AP Success - AP US History: Lincoln's First Inaugural Address

President Abraham Lincoln's first inaugural address was an opportunity for him to share his thoughts about the secession crisis.
I have no purpose, directly or indirectly, to interfere with the institution of slavery in the States where it exists. I believe I have no lawful right to do so, and I have no inclination to do so…

No person held to service or labor in one State, under the laws thereof, escaping into another, shall in consequence of any law or regulation therein be discharged from such service or labor, but shall be delivered up on claim of the party to whom such service or labor may be due…

If the United States be not a government proper, but an association of States in the nature of contract merely, can it, as a contract, be peaceably unmade by less than all the parties who made it? One party to a contract may violate it--break it, so to speak--but does it not require all to lawfully rescind it?...

It follows from these views that no State upon its own mere motion can lawfully get out of the Union; that resolves and ordinances to that effect are legally void, and that acts of violence within any State or States against the authority of the United States are insurrectionary or revolutionary, according to circumstances…

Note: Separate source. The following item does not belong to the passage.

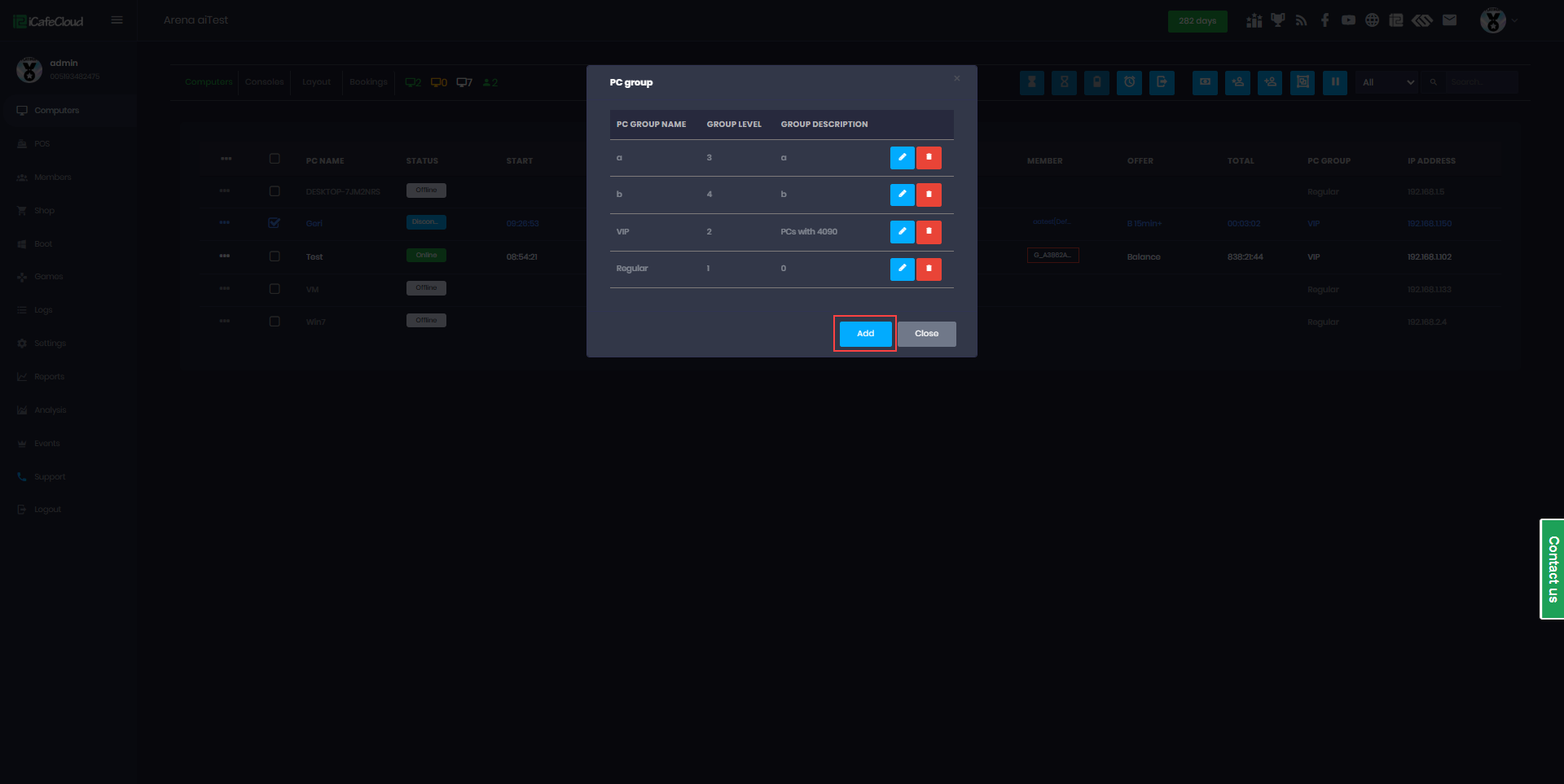 The following explains how to create and use PC groups and levels to organize computers by category (ex VIP, regular etc). After creating groups on the PC management page, you can assign specific pricing and offers to each group.

This country, with its institutions, belongs to the people who inhabit it. Whenever they shall grow weary of the existing Government, they can exercise their constitutional right of amending it or their revolutionary right to dismember or overthrow it…
Abraham Lincoln’s First Inaugural Address, 1861.

Question 1

Short answer
Briefly identify ONE regional difference described in the excerpt.

Question 2

Short answer
Briefly explain ONE historical trend that influenced the writing of the excerpt. 

Question 3

Short answer
Briefly explain ONE way the message in the excerpt influenced President Lincoln's leadership during the Civil War.